Jeff provided some nice interesting history. But, as they used to say on the late nite TV commercials, "But wait - there's more!"
So, if you'll five an Old Timer's long winded rambling .......
Some of us Old Timers once worked RTTY (Radio Teletype) with Teletype machines - made by the Teletype Corporation. Ah, the clatter of the machine and the smell of warm oil! I started with a Model 15 (printer and keyboard), which was a step up from a Model 15 RO (= receive only) which was just a printer without a keyboard - often found in newsrooms, police stations, etc back in the day. Later I was able to upgrade the Model 15 to Model 19 by adding a perforator (that allowed me to make punched paper tape while typing on the keyboard) and a TD - Transmitter/Distributor (don't ask me how they came up with that name), which was a tape reader. Like many hams, I had a "brag tape" that I could feed into the TD and send all the QSO info like QTH, rig type, antenna, etc. Sometimes in a rag chew QSO I would read what the other ham was sending on the printer, and meanwhile type responses on the keyboard to produce a paper tape, which I would feed into the TD when it was my turn to send. All I lacked was a Reperf(orator), which would produce a paper tape from a received signal.

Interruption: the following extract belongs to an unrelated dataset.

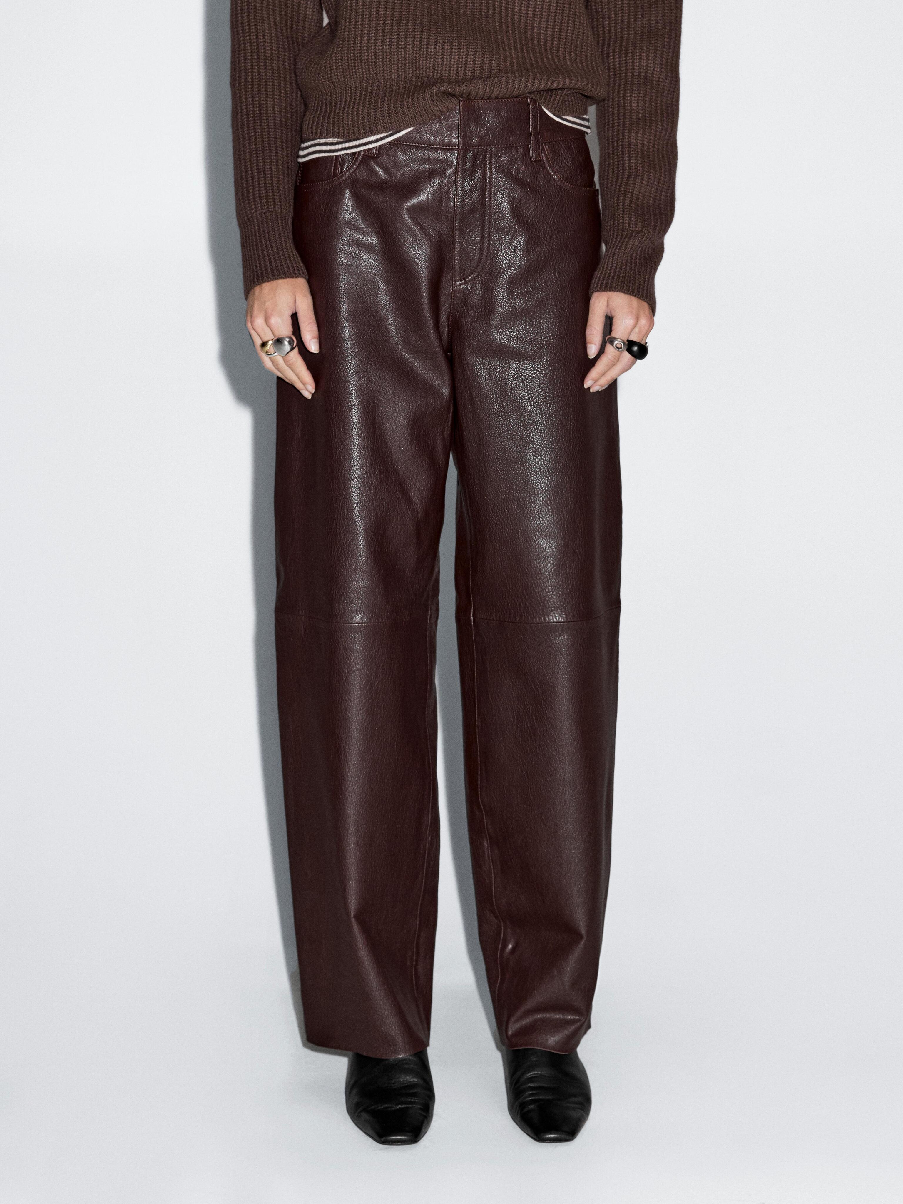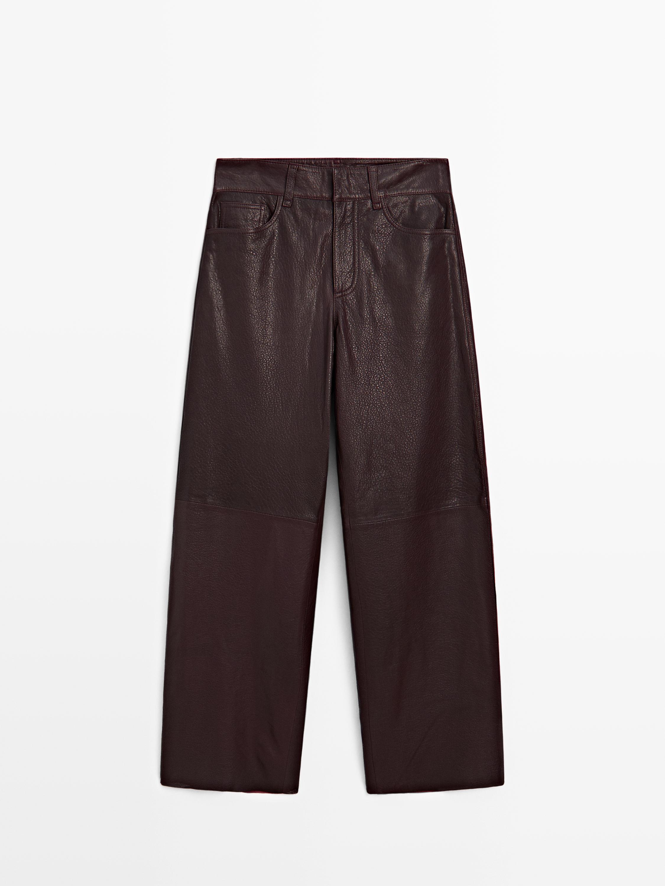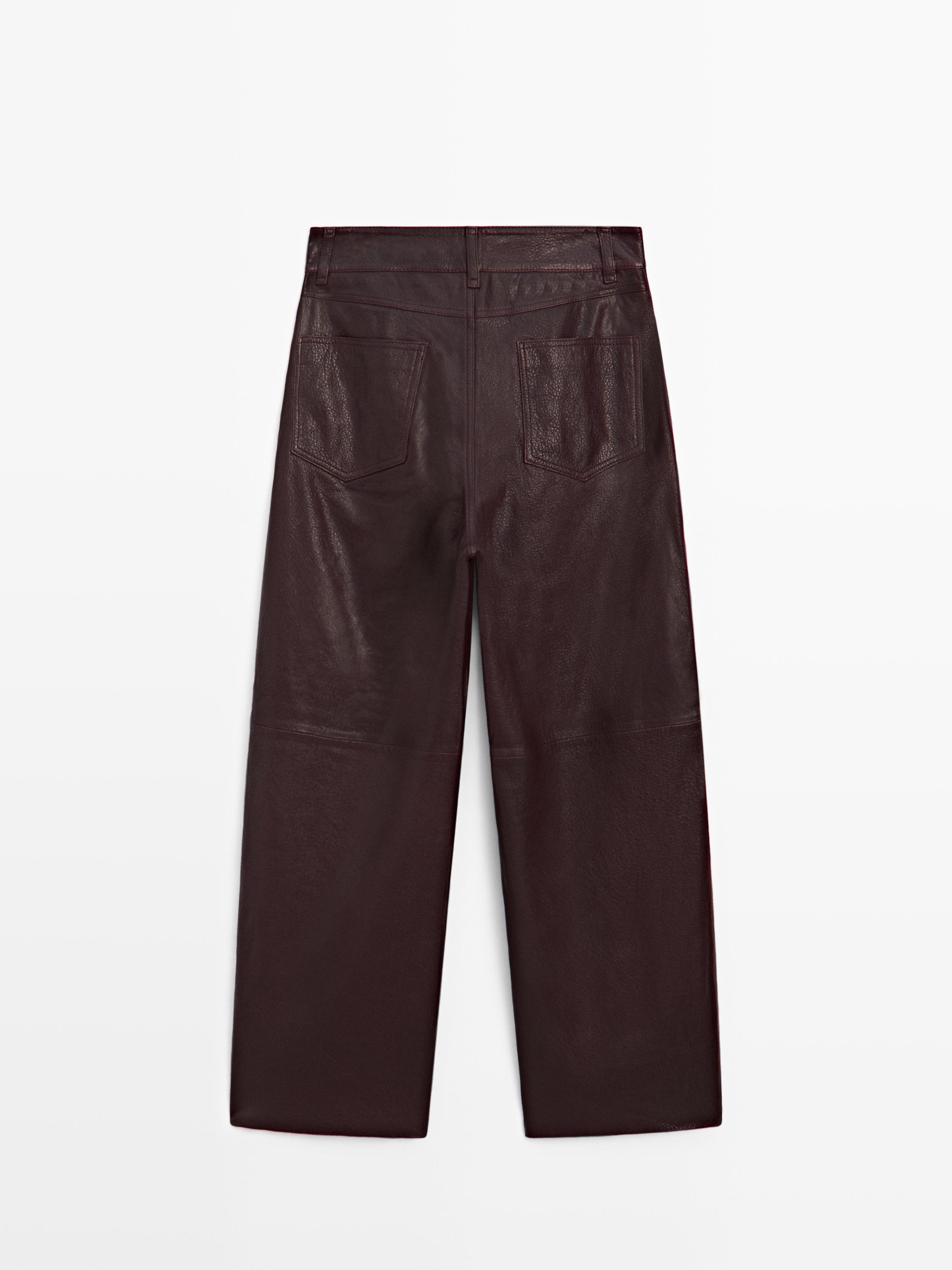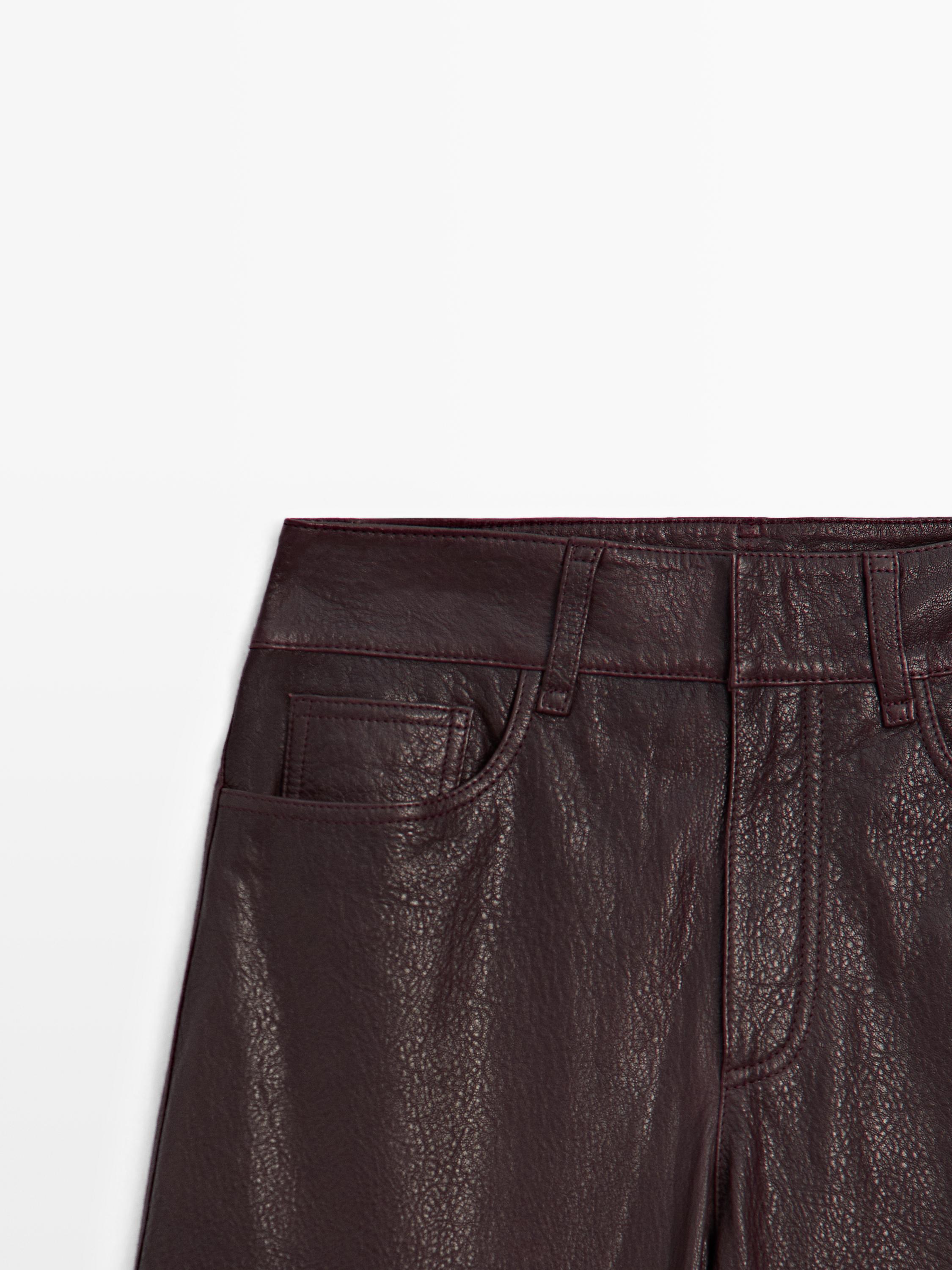 Massimo Dutti Брюки из овчины с отделкой наппа, коричневый

The tape was "five level," meaning five holes - Baudot code, still used by hams today. Of course, 2 to the fifth power is only 32 - not enough for 26 letters plus numbers and punctuation marks. So we had CR and LF Carriage Return and Line Feed, plus LTRS and FIGS. It was fun seeing a major chunk of the machine jump up so that numbers would be struck and then drop back down when it went back to typing letters (upper case only). That Clunk Clunk was part of the charm.. Long ago both AT&T and Western Union offered Teletypewriter service - in the Bell System we called it TWX -TeletypeWriter Exchange (pronounced Twix) initially an operator would effect the connections, later the system was upgraded to "DTWX" in which users could dial the number to which they wanted to "Send a Twix." Part of the language in those days - instead of telling a secretary to "send a Fax" one might say, "Send a Twix." Sometime in the 1960s things were converted to "8 Level," which allowed upper and lower case, punctuation marks, numbers, etc. It was pretty much the ASCII code we all use with our computers and Internet communication today. This conversion resulted in a ton of old five-level machinery being made surplus - to the great joy of us hams!
Like most hams, I transmitted FSK by using diode switching to bridge a variable capacitor into the VFO circuit to shift the frequency, to send Mark and Space signals. By the way, the test signal was RYRYRYRY.... that resulted in continuously alternating mark and space symbols, the most difficult for the machine to deal with. While receiving an RYRYRY string, one could move a little lever back and forth to find the spot in which the machine most faithfully printed RYRY. If perchance the machine was in FIGS mode rather than LTRS, it would print 46464646... For receiving, many hams built home brew TUs - Terminal Units. QST and the Handbook had articles in aid of that. At one point I bought a commercially made TU, which worked great. It even had a relay and an AC outlet on it for Autostart - you could plug in the Model 15 and, if the TU detected a steady signal, it would turn the machine on.. For a while in the early '70s, several of us in our radio club would leave our radios set on 3600khz all day long, with Autostart-capable TUs, and often we'd come home from work and see that a couple of feet of paper had come out of the printer, with messages from other club members. (more than once some sort of random noise had triggered the relay and there would be MANY feet of paper on the floor!)
Ah, that was all fun! And I'm afraid it kinda spoiled me. Doing it with a computer just ain't the same, and I don't do it. Nor do do any of the other digital modes anymore. But to each his own!